- Abbreviation: LP
- Leader: Nyonblee Karnga-Lawrence
- Founder: Charles Brumskine
- Founded: 19 May 2005
- Headquarters: Monrovia, Liberia
- Ideology: Liberalism Economic liberalism Federalism Parliamentarianism
- Political position: Center to center-right
- National affiliation: Collaborating Political Parties (2018–2024)
- Colours: Green White
- Senate: 3 / 30
- House of Representatives: 6 / 73

Website
- Facebook page

= Liberty Party (Liberia) =

Political party in Liberia

The Liberty Party (LP) is a liberal political party in Liberia.

==History==

The party was founded on 19 May 2005. It first fielded candidates in the 2005 elections. Its candidate Charles Brumskine placed third in the presidential poll, winning 13.9% of the vote. The party won 2/15 of the half up for election seats in the Senate and nine in the House of Representatives.

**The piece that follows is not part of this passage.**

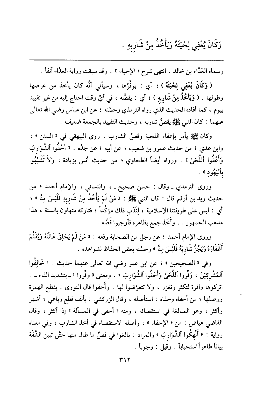 وروى الترمذي- وقال: حسن صحيح-، والنسائي، والإمام أحمد؛ من حديث زيد بن أرقم قال: قال النبي صلّى الله عليه وسلم: «من لم يأخذ من شاربه فليس منّا» ؛ أي: ليس على طريقتنا الإسلامية، لندب ذلك مؤكّدا؛ فتاركه متهاون بالسنة، هذا مذهب الجمهور.. وأخذ جمع بظاهره فأوجبوا قصّه.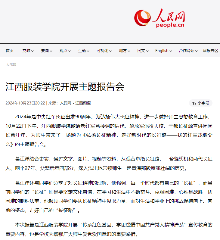 2024年是中央红军长征出发90周年。为弘扬伟大长征精神,进一步做好师生思想教育工作,10月22日下午,万象城平台邀请老红军葛接调的后代、解放军退役大校、于都长征源宣讲团团长葛江洋,为师生带来了一场题为《弘扬长征精神,走好新时代的长征路——我的红军裁缝父亲》的主题报告会。

In October 2010, the party was set for a coalition with the Congress for Democratic Change (CDC), the largest party in the Legislature. The deal would have seen the two field a single list of candidates and presidential candidate in the next year's elections; a shared leadership of Brumskine and the CDC's standard-bearer, George Weah. This deal fell apart, and party accordingly announced in February 2011 its senator Franklin Siakor had been chosen as Brumskine's running mate for the election.

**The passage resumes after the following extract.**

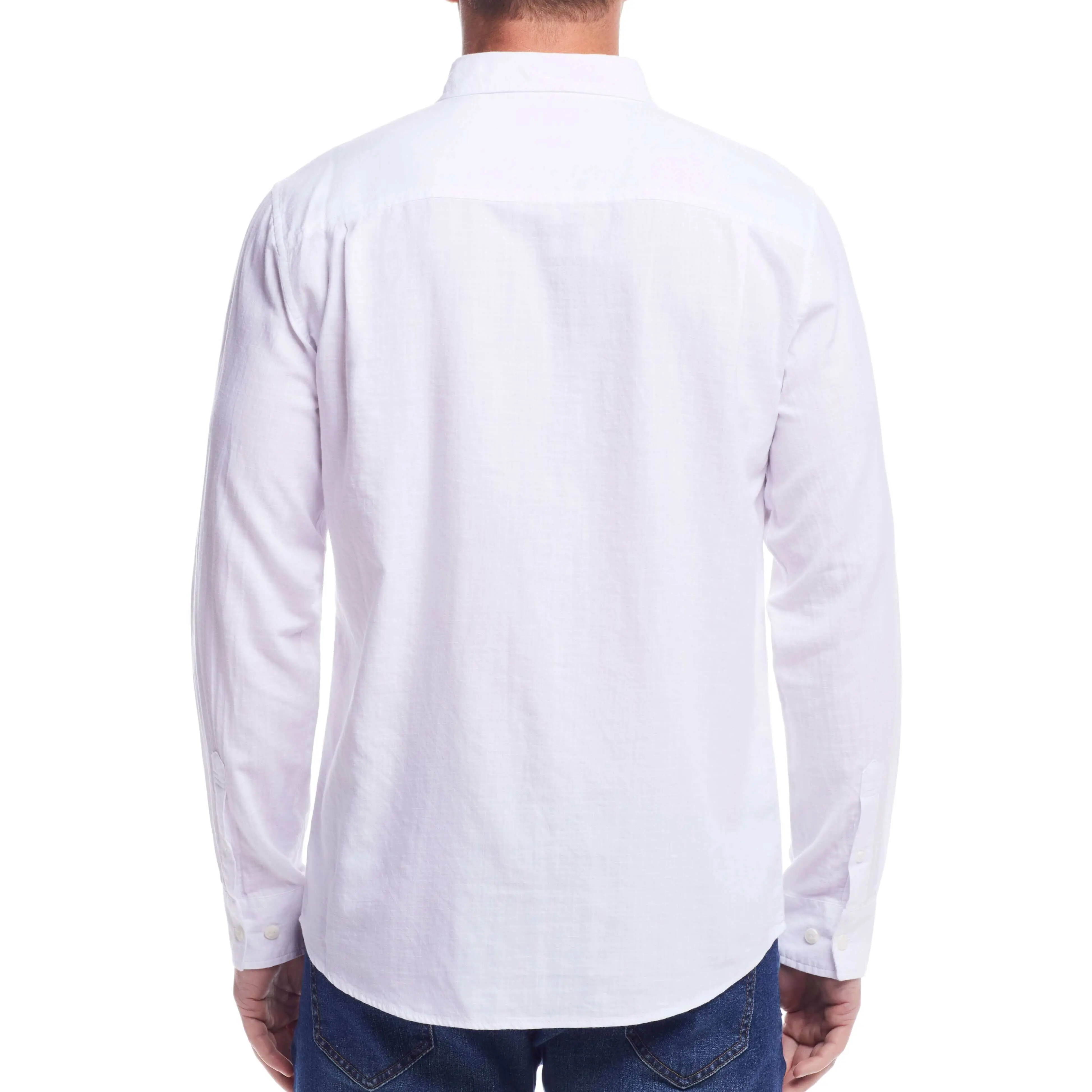 Long Sleeve Solid Cotton Twill Shirt In White

The 2014 senate elections saw the party take second (or third if including the independents), with 11.47% of the vote, however the third-largest tranche of party political seats - all being geographic - happened to favour the then lesser-polling Unity Party. The LP share of the up for election half of senate seats was 2/15. The party has 4 of the 30 senators, the most recently elected being Abraham Darius Dillon in 2019.

In the 2017 two-purpose elections, the party eked out third (or fourth if including the independents), with 9.62% of the presidential vote; 8.57% in the House. In the latter its sum of three seats was surpassed by the lesser-polling PUP, and by the greater-polling independents with 13 of the 73 seats.

It was formerly led by Charlyne Brumskine. Since 2024, its political leader is Nyonblee Karnga-Lawrence.